Here’s 6 reasons why speech should be part of your training.
In debate, it's incredibly easy to fall into the trap of speaking fast and robotic. You’re so focused on content that you forget how to deliver it. Speech brings you back to real communication. It teaches you how to sound confident, clear, and persuasive without needing to spread or read blocks.
In events like extemp, you stand up and explain something complicated in plain language. In oratory, you write and perform a full speech that connects emotionally with your audience. That kind of speaking translates directly into better debate delivery.
Categories like extemp and impromptu sharpen your quick thinking. You have to come up with ideas fast, organize them, and deliver them smoothly, all in a few minutes. This skill is gold in crossfire, cross-ex, and rebuttals.
A lot of debaters panic when they go off-script don’t know how to talk without prep time and so they start repeating points, stuttering and becoming less intelligible. Speech gives you tools to stay calm, stay smart, and keep speaking when you’re under pressure.
Debate teaches logic. Speech teaches rhetoric*. And persuasion isn’t just about having the right argument; it’s about getting someone (the judge) to care. Speech makes you think about how you say things, not just what you say.
The best debaters know how to speak like real people. Judges remember the debaters who sound convincing, not the ones who spit out ten impacts with performative emotion. Doing speech helps you learn that skill.
*Both debate and speech develop your rhetoric, but the development can be made much faster with speech
In oratory and extemp, you write and prep a lot. You learn how to structure arguments, how to cut down fluff, how to make something sound good out loud. That makes you better at writing cases and blocks.
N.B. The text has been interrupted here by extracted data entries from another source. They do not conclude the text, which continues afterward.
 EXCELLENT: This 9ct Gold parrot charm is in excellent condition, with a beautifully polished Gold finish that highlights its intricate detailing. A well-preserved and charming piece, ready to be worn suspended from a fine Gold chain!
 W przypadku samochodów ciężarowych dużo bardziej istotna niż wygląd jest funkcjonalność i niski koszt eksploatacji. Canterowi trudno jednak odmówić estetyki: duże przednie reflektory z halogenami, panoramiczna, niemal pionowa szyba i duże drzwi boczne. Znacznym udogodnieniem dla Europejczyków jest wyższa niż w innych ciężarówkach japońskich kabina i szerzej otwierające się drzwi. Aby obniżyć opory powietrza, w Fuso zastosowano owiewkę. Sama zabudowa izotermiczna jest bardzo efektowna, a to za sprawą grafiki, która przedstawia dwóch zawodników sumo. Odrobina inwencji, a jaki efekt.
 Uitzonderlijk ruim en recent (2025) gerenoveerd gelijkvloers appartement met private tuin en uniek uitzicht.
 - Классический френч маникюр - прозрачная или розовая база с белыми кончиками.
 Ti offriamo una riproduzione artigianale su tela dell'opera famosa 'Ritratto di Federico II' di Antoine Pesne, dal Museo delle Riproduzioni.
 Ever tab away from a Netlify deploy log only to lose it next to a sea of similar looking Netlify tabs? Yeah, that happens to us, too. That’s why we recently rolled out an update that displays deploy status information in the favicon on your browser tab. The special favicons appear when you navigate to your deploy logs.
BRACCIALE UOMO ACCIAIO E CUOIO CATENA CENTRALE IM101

If you’ve ever struggled to make your case flow well or make a block sound natural, speech gives you practice fixing that. You start to care more about clarity and delivery—skills that matter in every debate format.
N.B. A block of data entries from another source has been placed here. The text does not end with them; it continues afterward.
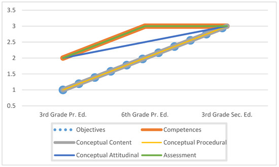 The emphasis is placed on how content is developed and sequenced in the different educational levels under analysis. This allows us to establish the level of knowledge that will be acquired by future citizens.
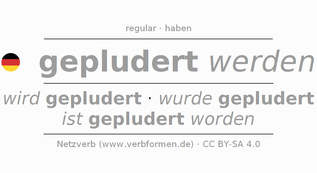 The conjugation of pludern in Infinitive Present Perfect base form Passive is gepludert werden, gepludert zu werden.The conjugation corresponds to certain grammatical rules. Likewise the requirements for the conjugation of the simple verb forms of pludern in Infinitive. Comments ☆
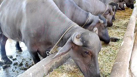 - दुभत्या म्हशीला पोषणासाठी रोज २ किलो खुराक दयावा. दुध उत्पादनाच्या ५० टक्के जास्तीचा खुराक दयावा. म्हणजे १० लिटर दुध देणा-या म्हशीस ५ किलो जास्तीचा खुराक दयावा. अशा प्रकारे २ + ५ = ७ किलो खुराक रोज सकाळ–संध्याकाळ निम्मा भाग दयावा.
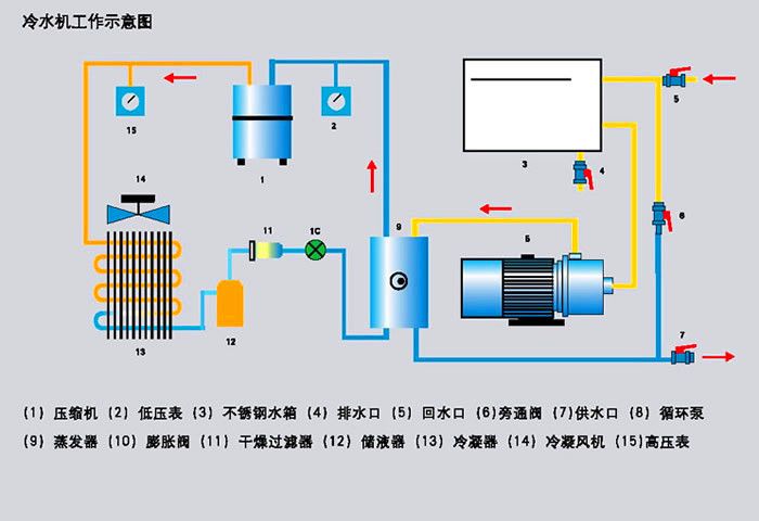 2、微電腦控制系統(tǒng)及觸摸式操作面板:操作面板上裝有電流表,控制系統(tǒng)保險,壓縮機及水泵開關按鈕,電子溫控制器,各保護故障燈,示冷水出口、冷水入口和設定溫度選配,機組啟動運轉(zhuǎn)指示燈,使用方便。
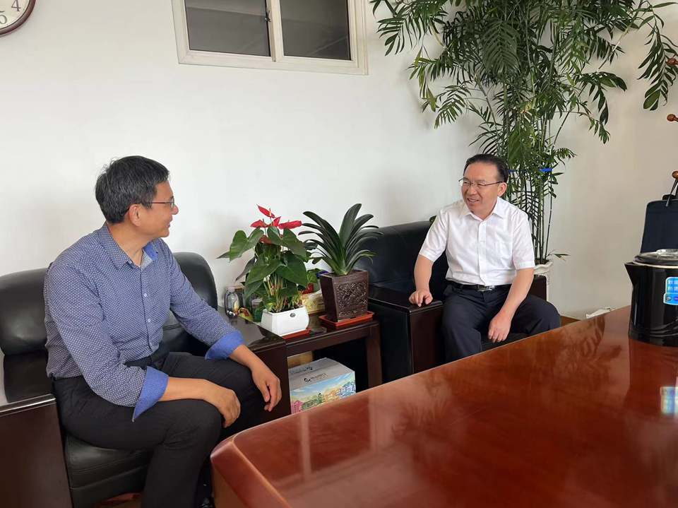 报告会结束后,董事长赵金山接见了朱新广,赵金山首先介绍了公司的发展历程和现状。然后介绍了近些年来太阳集团tcy8722周功克教授团队在浮萍种质资源收集,重离子辐射诱变突变体库(全球唯一)建立和浮萍规模化培养装置研发等方面的工作。朱新广介绍了中国科公司先导专项的战略布局和课题分配情况。双方针对浮萍基地的升级改造,“浮萍植物工厂”研发和高蛋白浮萍动物饲料规模化生产进行了深入探讨。

At some point, you’ll leave the debate world. But speaking skills stay with you. Giving a presentation, leading a meeting, or speaking in public or even one on one conversations. Those are all speech skills. Debate gives you critical thinking. Speech gives you real-world speaking.
Together, they make you unstoppable.
People assume debate is about clashing while speech is about performing. But that’s oversimplified. In both, you’re persuading an audience. In both, you’re organizing complex ideas and delivering them clearly. The overlap is bigger than you think.
In fact, a lot of top debaters are also great speakers. And a lot of strong speech kids have the best delivery in debate rounds.
Extemp is the most debate-adjacent. You get a question, prep for 30 minutes, and give a 7-minute speech with sources. It’s like doing a rebuttal with more style.
Impromptu is great for thinking fast. You get a topic and start speaking right away.
Original Oratory helps with scripted delivery, emotional appeal, and long-form writing.
Informative is useful if you like research-heavy topics and structured delivery.
Try one or two. See what clicks.
If you care about getting better at debate, do speech. It makes you clearer, quicker, and more persuasive. It fixes the weaknesses debate doesn’t touch. And it gives you skills you’ll use long after your last tournament.
So don’t treat speech like a side hustle. Treat it like part of your training. It’ll make you a better debater and a better speaker for life.